We're testing a moderately fast nfs server. Testing on our data set of large files, ~100M we were seeing performance a little over 100MB/s. Now, when we shared the same filesystem out via nfs performance dropped to a mere 44MB/s and no matter what the r/wsize of the client, would not increase. Both machines are connected via a 1Gbps link that has been shown to move 941mb/s. Here's a snapshot what the server workload looked like on the server. The first line shows the local testing, notice the 108MB/s and the second shows the new access.
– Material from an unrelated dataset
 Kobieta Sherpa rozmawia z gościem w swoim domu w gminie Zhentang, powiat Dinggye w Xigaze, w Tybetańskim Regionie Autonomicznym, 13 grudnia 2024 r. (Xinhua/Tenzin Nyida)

The interesting part is the device utilization during the tests, even though we were pushing half the requests/second and moving half the bandwidth, we were at 90% with a higher wait time 4ms vs 1.7ms.
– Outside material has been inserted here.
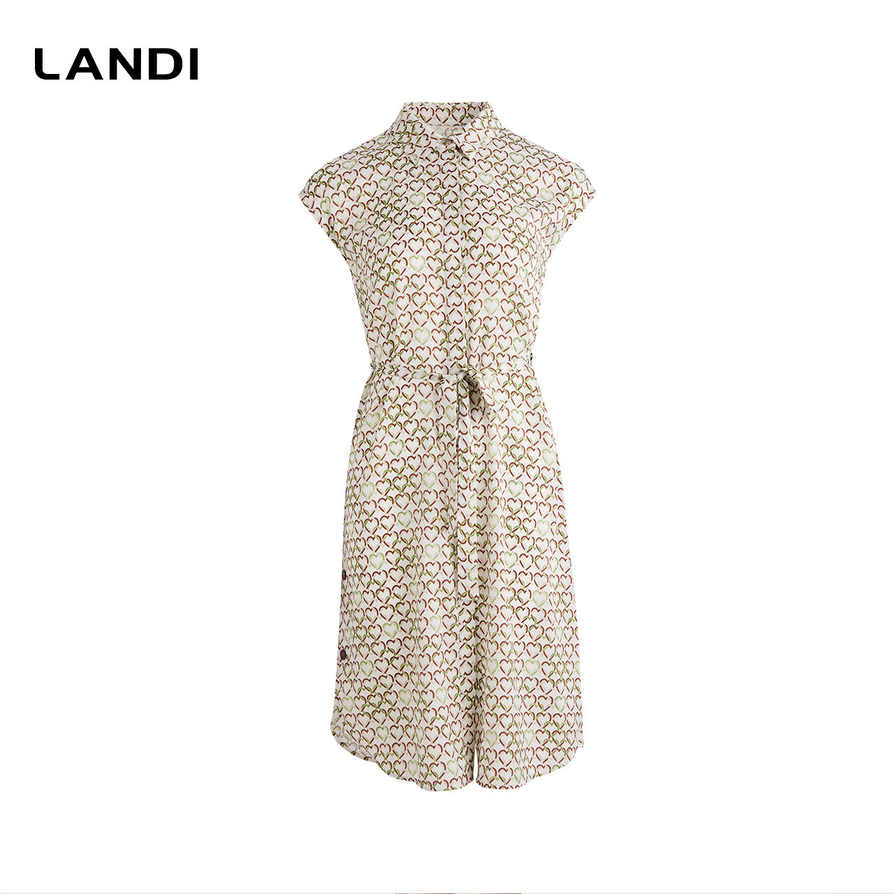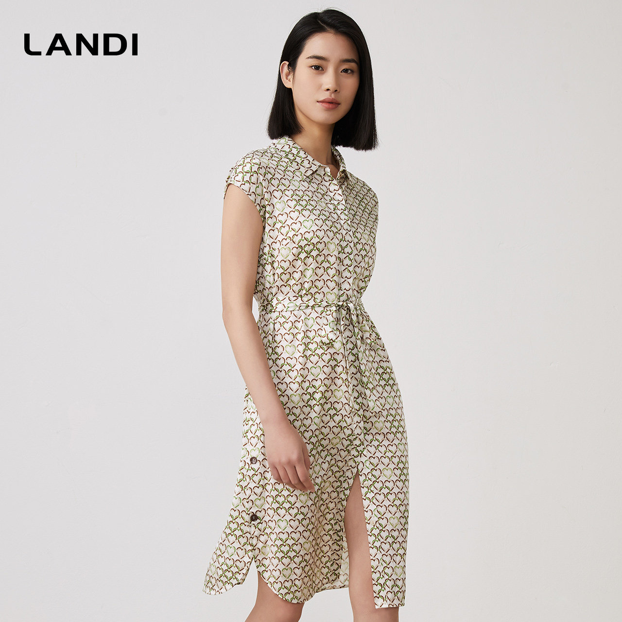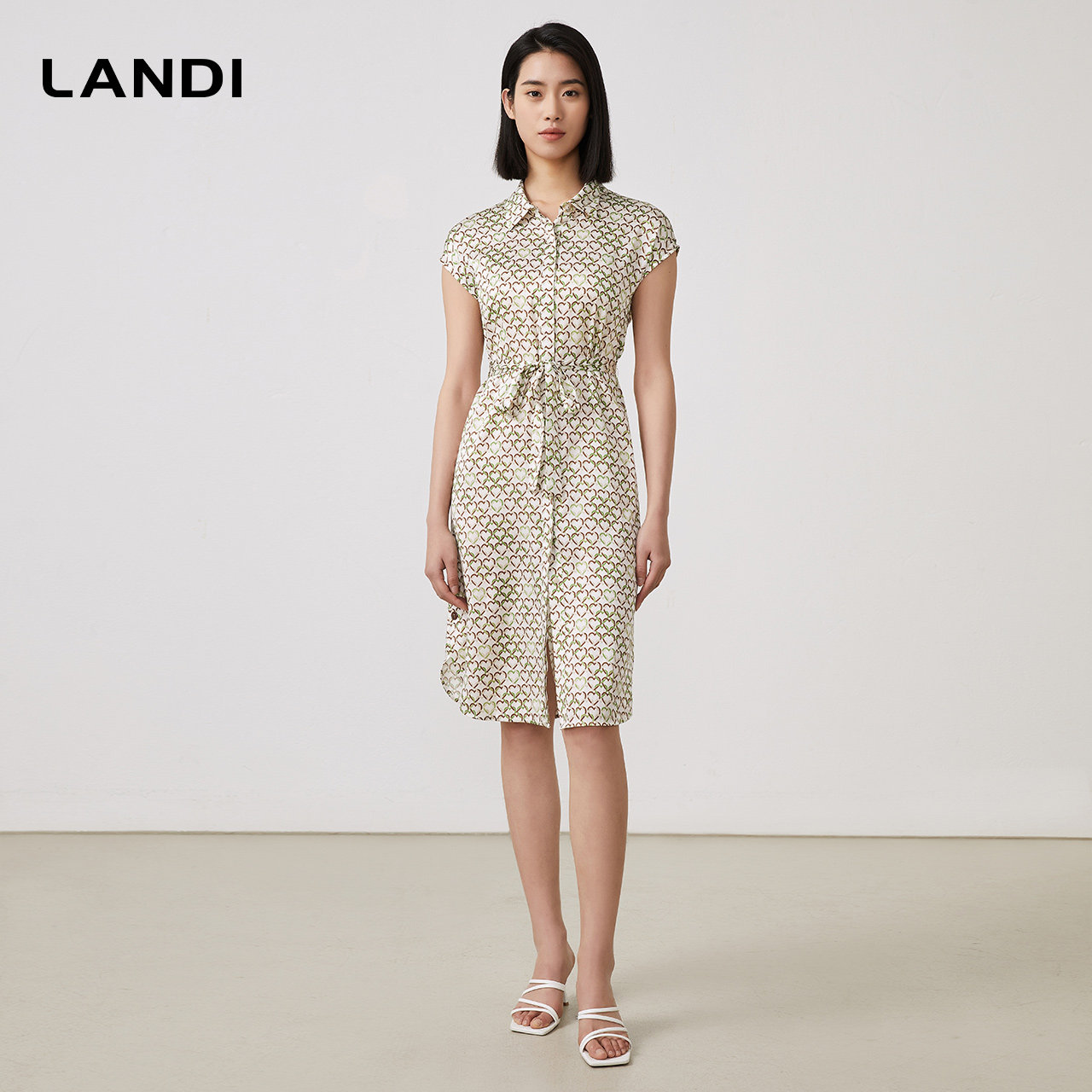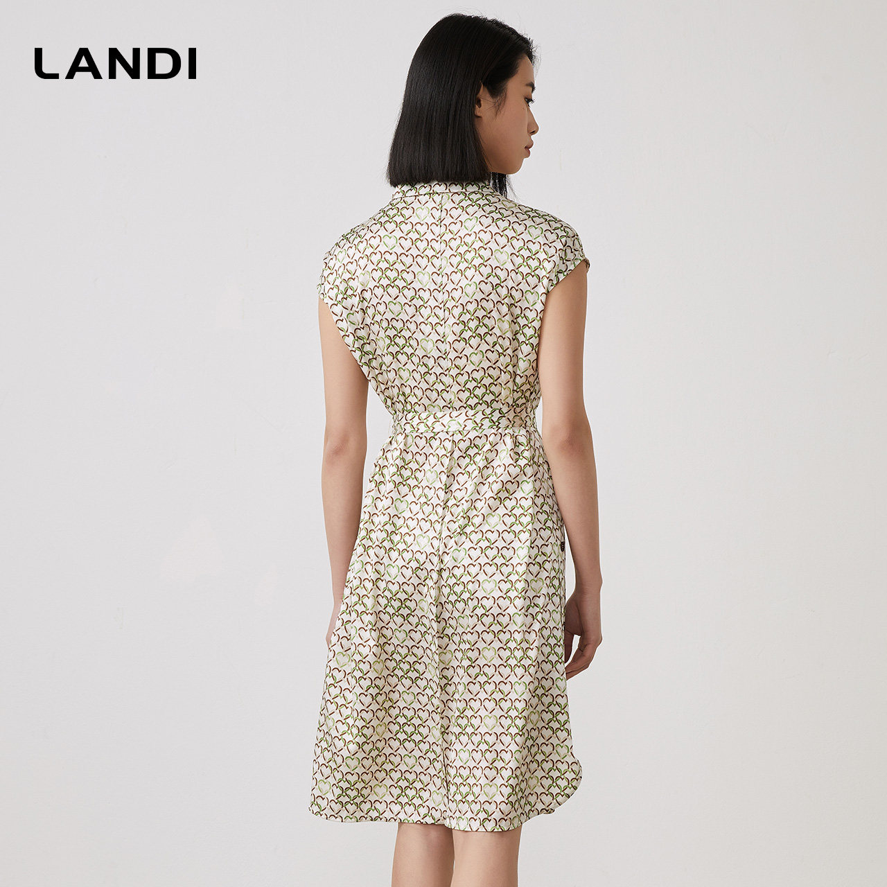 LANDI翻领浅绿色真丝包袖 桃心印花桑蚕丝连衣裙女夏新品

Device: rrqm/s wrqm/s r/s w/s rkB/s wkB/s avgrq-sz avgqu-sz await svctm %util
sdb 30.50 0.00 906.00 0.00 108530.00 0.00 239.58 1.61 1.78 1.08 98.15
sdb 870.00 0.00 500.50 0.00 44626.00 0.00 178.33 2.06 4.09 1.83 91.55
Now, let's tweak the ioscheduling a little by setting slice_idle to 1 as recommended in the dell guide below. 'echo 1 > /sys/block/sdb/queue/iosched/slice_idle' This affects how long the io scheduler will wait in each queue before looking for more work. On local access where you will have lots of low latency requests you probably want to wait for more work, however over a network with lots of clients you will want to switch as soon as possible
sdb 1164.18 0.00 1049.75 0.00 71150.25 0.00 135.56 2.34 2.23 0.87 91.79
let's go a little further and set it to 0
sdb 144.00 0.00 2428.50 0.00 92034.00 0.00 75.79 3.95 1.63 0.33 79.60
Now we're up to 92MB/s which is above 90% of what our network can do. Good enough!